While I met 3/4 of the family last Friday, today was the first time I met the eldest sister. From the start, it was clear that this she is the glue and the heart of this family. She has a constantly smiling face and upbeat, 100mph voice, no matter what the subject of conversation. With the best grasp of English in the family, this sister is not only an uplifting presence but she is clearly also the family’s ambassador to their new lives in America. She openly explained to my partner and me her family’s story– of how her family had moved from Bhutan to Nepal many generations ago, how her grandparents and parents had grown up in Bhutan, how the Bhutanese government changed their views of people of Nepalese heritage when she was born, how her family was forced to return to Nepal, and how her family lived in a refugee camp for 18 years. She used the word “difficult” to describe her story. I could only imagine how difficult it must have been and how any vocabulary, no matter how advanced, would most likely be lacking to describe such a journey. Yet, as she told this story, she never stopped smiling and she said that whenever she thinks her parents appear to be thinking of “difficult things,” she dances and sings to make them laugh. Her indomitable, optimistic spirit is amazing and, I think, a huge reason why I returned from my visit so happy.

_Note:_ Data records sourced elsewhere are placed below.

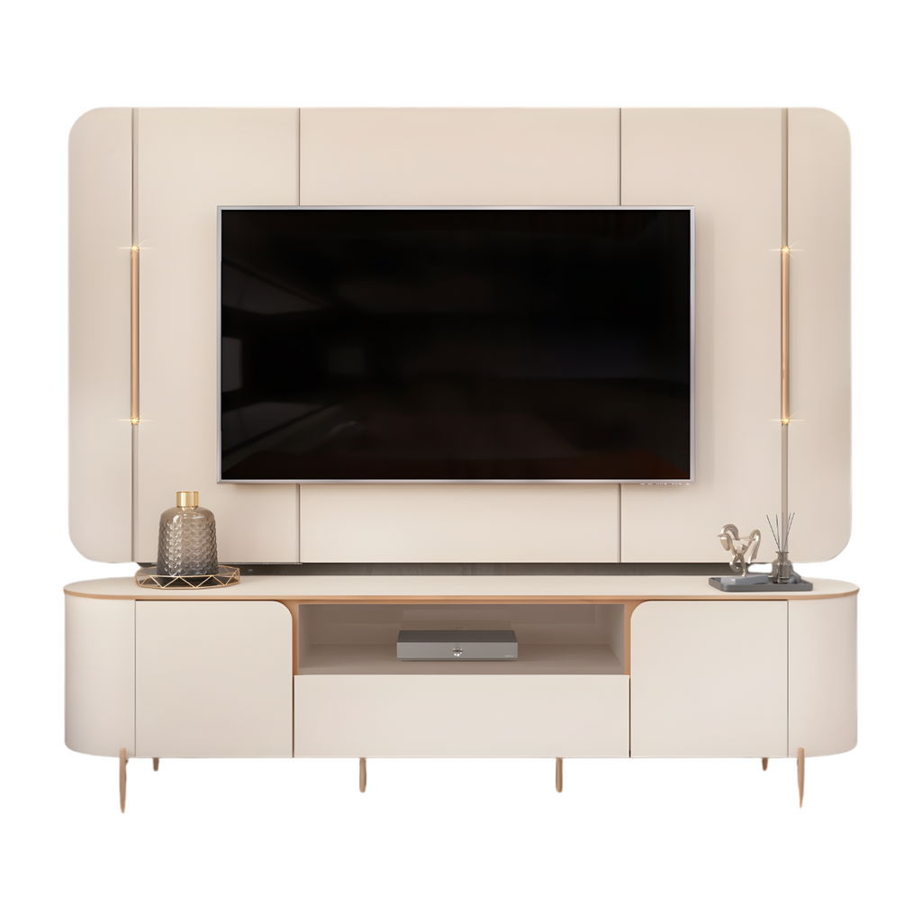 painel complementa o conjunto de forma elegante, criando um espaço organizado e
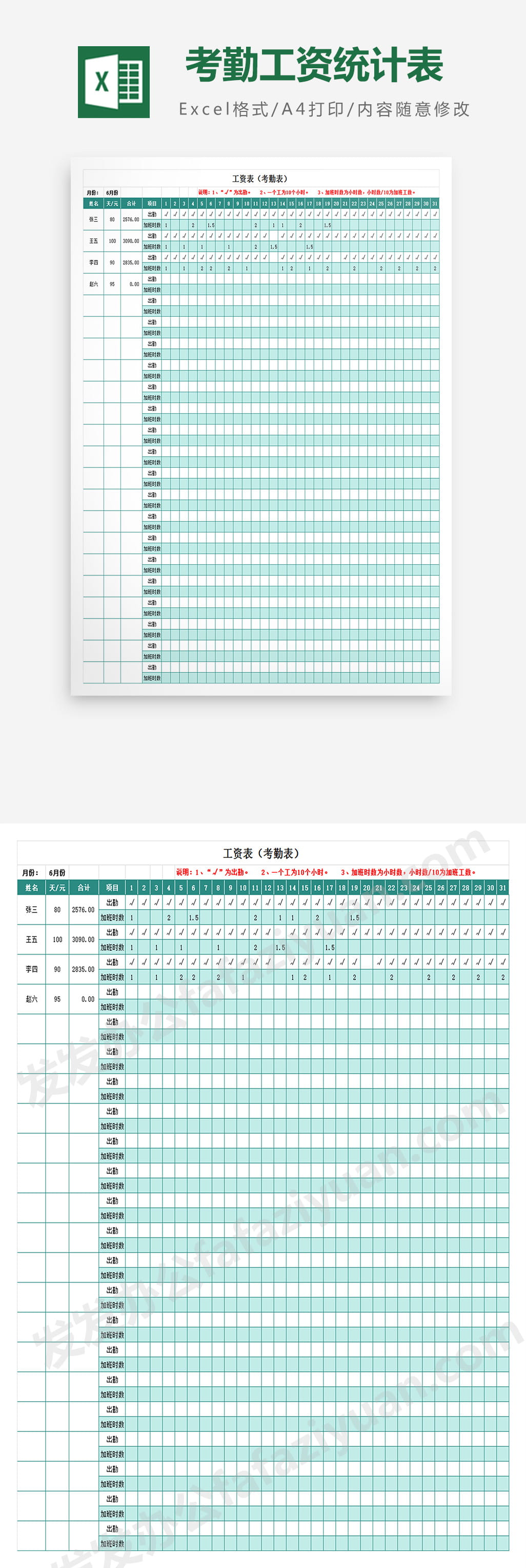 作品内容为考勤工资统计表, 格式为 xlsx, 大小1MB,下载后可直接使用, 请使用软件Excel打开, 作品中主体文字及图片可替换修改,文字修改可直接点击文本框进行编辑,图片更改可选中图片后单击鼠标右键选择更换图片,也可根据自身需求增加和删除作品中的内容, 源文件无水印, 欢迎使用发发资源库。
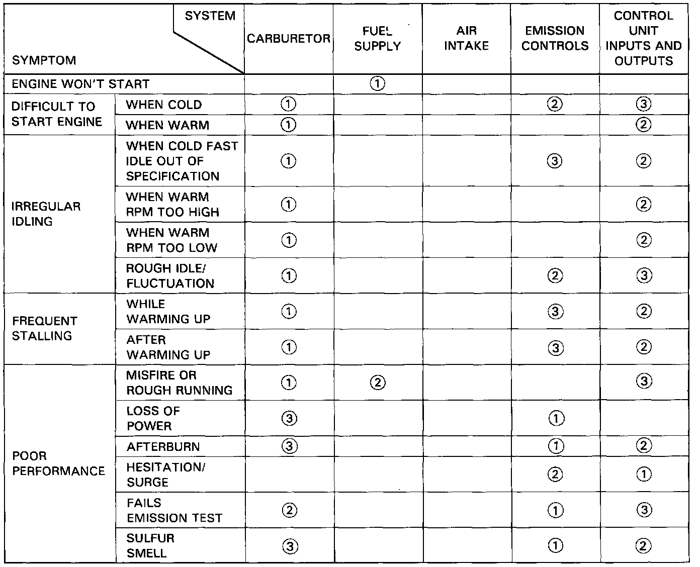 NOTE: Across each row in the chart, the systems that could be sources of a symptom are ranked in the order they should be inspected starting with (1). Find the symptom in the left column, read across to the most likely source, then refer to the system listed at the top of that column. If inspection shows the system is OK, try the next most likely system (2), etc.
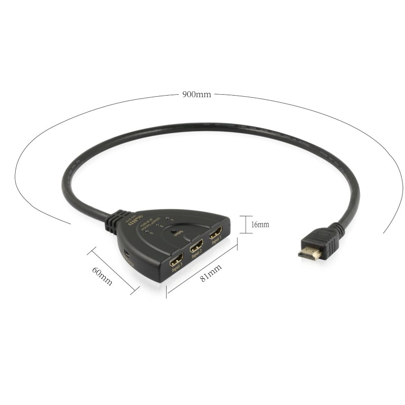 ViewHD Three Port HDMI Switcher 3x1 Switch 4K@60Hz HDMI 2.0 HDCP 2.2 HDR 3FT Pigtail
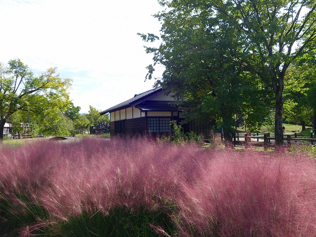 水車苑に咲くピンクミューリー!!がとってもかわいいよ!ススキの仲間なんだって!!
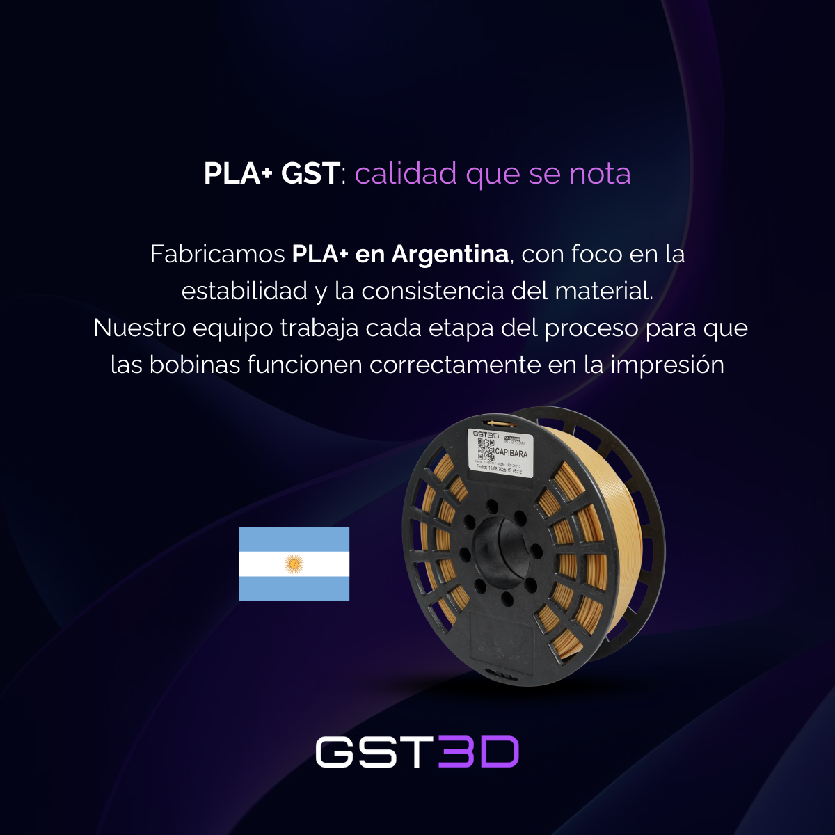 Apoyás la producción local al elegir el GST3D PLA+ Black Edition, que proviene de Argentina.
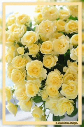 a bunch of yellow roses are displayed in a photo
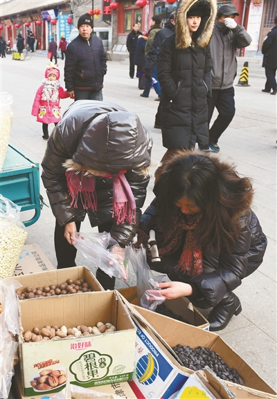 来延庆区永宁古城大集购年货的人们笑容满面。往年到了年根儿,城里人扎堆儿往超市跑。今年,很多白领结伴下乡赶集购置年货。缘由是到远郊区县能“一箭双雕”,在游玩的同时,还可以买到一些很难买到的山货。
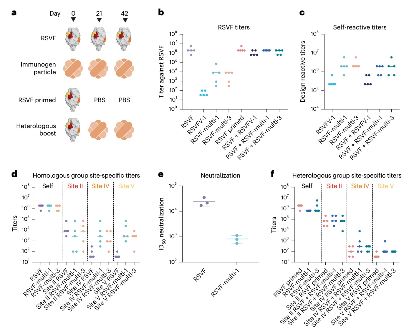为在体内评估免疫反应,该研究对初免小鼠分别使用三种支架进行免疫,包括单表位免疫原RSVFV-1以及两种多表位免疫原RSVF-multi-1和RSVF-multi-3。所有支架均被组装至自组装铁蛋白纳米颗粒上,以增强免疫原性。每组包含5只小鼠,采用同源加强免疫方案,连续注射三次RSVF前融合态三聚体或从头设计的纳米颗粒免疫原 (图4a)。另设异源免疫方案,先以RSVF进行初免,随后以PBS或纳米颗粒免疫原进行两次加强免疫 (图4a)。接受RSVF免疫的小鼠产生的抗体滴度和中和水平与既往研究结果一致 (图4b,f)。与此前关于单表位支架免疫原的研究相符,RSVFV-1主要诱导了针对自身结构的抗体,而对前融合态RSVF的交叉反应滴度较低,且未检测到明显的中和活性,表明诱导的抗体中有较大比例指向从头设计的支架本身 (图4b,c)。相比之下,两种多表位免疫原均诱导了中等水平的前融合态RSVF抗体滴度,较单表位免疫原提高了数个数量级 (图4c)。进一步利用单一免疫原探针检测表位特异性反应时,在两种多表位纳米颗粒免疫中均检测到可量化的位点特异性抗体滴度 (图4d)。尽管II位点的滴度未高于野生型RSVF免疫,但IV位点和V位点的抗体滴度显著提升。尽管针对支架表面或新生表位的抗体在一定程度上限制了整体RSVF抗体滴度,这些结果仍表明,多表位支架能够诱导针对三种被支架化表位的特异性抗体反应。此外,在同源免疫条件下,RSVF-multi-1免疫血清表现出一定的中和活性,尽管仍低于前融合态RSVF,但这一趋势与既往鸡尾酒疫苗研究结果一致 (图4e)。
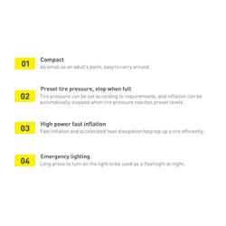 Riteniamo che i gadget progettati per mantenere un'auto e supportarne il funzionamento continuo debbano essere affidabili e quindi realizzati in modo solido. Pertanto, la pompa è costituita interamente da un motore metallico ad alte prestazioni con magneti permanenti. Grazie alla struttura stabile, garantisce un gonfiaggio rapido al livello richiesto.

In addition to hearing the family’s story and meeting the eldest sister, today was the first time I was able to help the younger sister with her homework (Pythagorean theorem), the first time I prayed with the family at their altar, and the first day I shared a meal with the family. I am very excited for many more “firsts” with the family- including taking them to the library or finding them a Buddhist temple. I am looking forward to building a close relationship with this beautiful family. I got on the El after my visit, smelling like aloo and daal- full in the physical sense but also full in the way that comes from having connected with other human beings.